Melbourne City Women's Football Club, also known as the Melbourne City Women or simply as City, represents Melbourne City in the A-League Women, the top division soccer league in Australia.  Founded in 2015, the club has its training and administration based at the City Football Academy in Melbourne and plays matches at Casey Fields in Casey and at AAMI Park in Melbourne. The current manager of the team is Dario Vidošić.

History
Following on from their purchase of and investment into Manchester City in England, City Football Group turned their eyes to investment into the women's game as well, funding a serious overhaul of the Manchester club's female affiliate. Only months after their takeover of the men's team Melbourne City FC, they followed likewise on the women's side, contacting the FFA regarding entering a team into the W-League to be affiliated to the men's Melbourne side.

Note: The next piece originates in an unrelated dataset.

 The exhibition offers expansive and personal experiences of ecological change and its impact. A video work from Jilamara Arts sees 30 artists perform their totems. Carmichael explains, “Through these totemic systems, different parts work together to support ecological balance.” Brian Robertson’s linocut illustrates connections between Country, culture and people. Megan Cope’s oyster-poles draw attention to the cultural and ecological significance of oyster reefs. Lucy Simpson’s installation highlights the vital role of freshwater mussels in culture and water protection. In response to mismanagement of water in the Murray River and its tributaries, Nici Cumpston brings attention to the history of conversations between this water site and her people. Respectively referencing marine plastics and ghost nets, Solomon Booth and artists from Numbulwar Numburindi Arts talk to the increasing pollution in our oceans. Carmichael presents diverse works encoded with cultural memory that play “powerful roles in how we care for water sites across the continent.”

After a year of negotiations, their involvement was sealed with an announcement that a women's team competing under the name Melbourne City FC would compete in the W-League as of the beginning of the 2015–16 season.

Four championships and two premierships (2015–20)
Melbourne City CEO Scott Munn revealed that his club had been in consultation with Football Federation Australia (FFA) for over 12 months regarding the introduction of a new W-League side. In July 2015, Melbourne City Women's FC made Matildas co-captain Lisa De Vanna their first-ever signing. She is widely regarded as one of the world's best women's strikers. After De Vanna, the club's next foundation signings were Laura Alleway and Brianna Davey. In September 2015, Young Matildas Larissa Crummer, Alex Chidiac, Beattie Goad and former Adelaide United defender Monique Iannella joined the club. Matilda Steph Catley also signed up in September. Regarded as a Matlidas' fan favourite, Catley created history when she was voted as the first female to appear on the cover of the video game FIFA 16.

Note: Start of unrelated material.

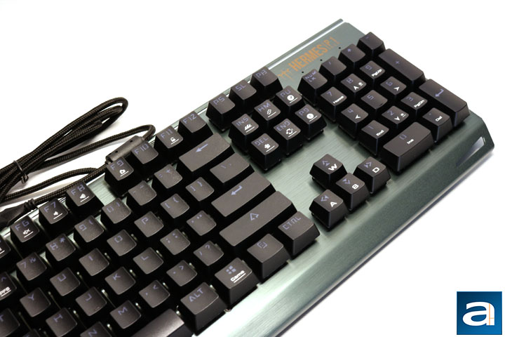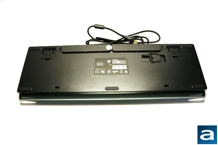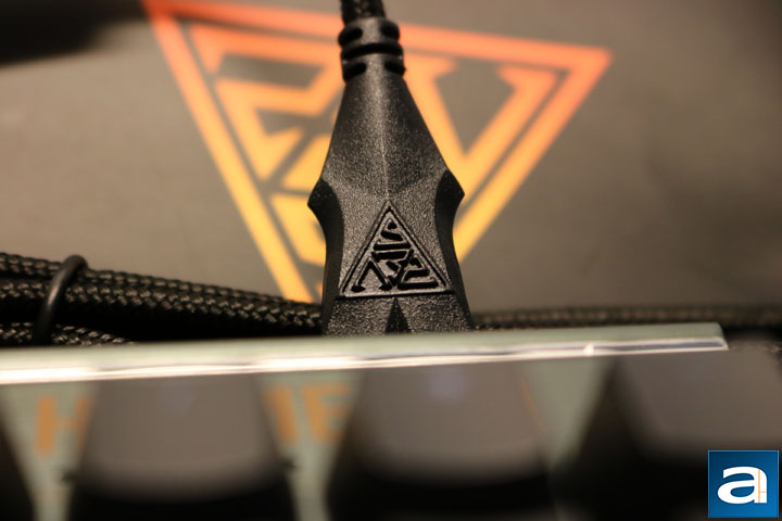 The bottom of the keyboard is fairly standard, except for the keycap puller lodged into the bottom. I find a very helpful addition, as it is an easy instrument to lose when it is not attached or even forget. That said, the aluminum back plate design makes removing the keycaps by hand quite easy. The rest of the back has a sticker in the middle with some information on it, while there are also four rubber feet found at each corner of the keyboard, with one in bottom center as well. These feet do a good job of keeping this heavy keyboard in place. Only the bottom of the two stands have rubber to keep the keyboard in place, so it is recommendable to always have those extended. I found the tracks for the cable the most confusing addition to the back of this keyboard. The cable extends out of the GAMDIAS Hermes P1 RGB in a way that makes it impossible to use the tracks. I find it likely the plastic design on the back is a standard design for more than just the Hermes P1, but also for other GAMDIAS keyboards. This can be troubling as it is an oversight from GAMDIAS; it leads to the conclusion that every keyboard is not individually designed, or it is just a cost saving measure. Regardless, it would be nice to have been able to use the tracks somehow for some extra cable management. Speaking of the cable, it is a braided cable with a gold plated USB connector at the end. The gold does not do anything for connectivity speeds, but it sure does look good when it is not plugged in.

The club created history in its inaugural 2015–16 season, winning all 12 of its regular season games to become Premiers (regular-season winners) and becoming Champions by winning the 2016 W-League grand final, completing a perfect season. In the following season, City suffered a six-match winless run during the middle part of the season before storming back into the finals series and claiming a second successive championship in the 2017 grand final. This achievement meant the club was equal with several other clubs for the greatest number of championships won in the league. The club then eclipsed this record the following season when it defeated Sydney FC in the 2018 W-League grand final making it 3 championships in a row.

City had an undefeated 2019/20 season, with 11 wins and one draw, and secured their second premiership. Under Head Coach Rado Vidošić, and with elite talent on the pitch such as the returning Steph Catley and new players Kyah Simon and Claire Emslie, the team went on to win the double following wins over Western Sydney Wanderers and Sydney FC in the 2020 Finals Series. Consequently, City became the first team in W-League history to secure four championships.

Stadium
Melbourne City Women play most of their home matches at the Casey Fields VFL Oval, home ground of the Casey Demons. The club also typically plays home matches and finals at AAMI Park in the city centre, home stadium of the men's team.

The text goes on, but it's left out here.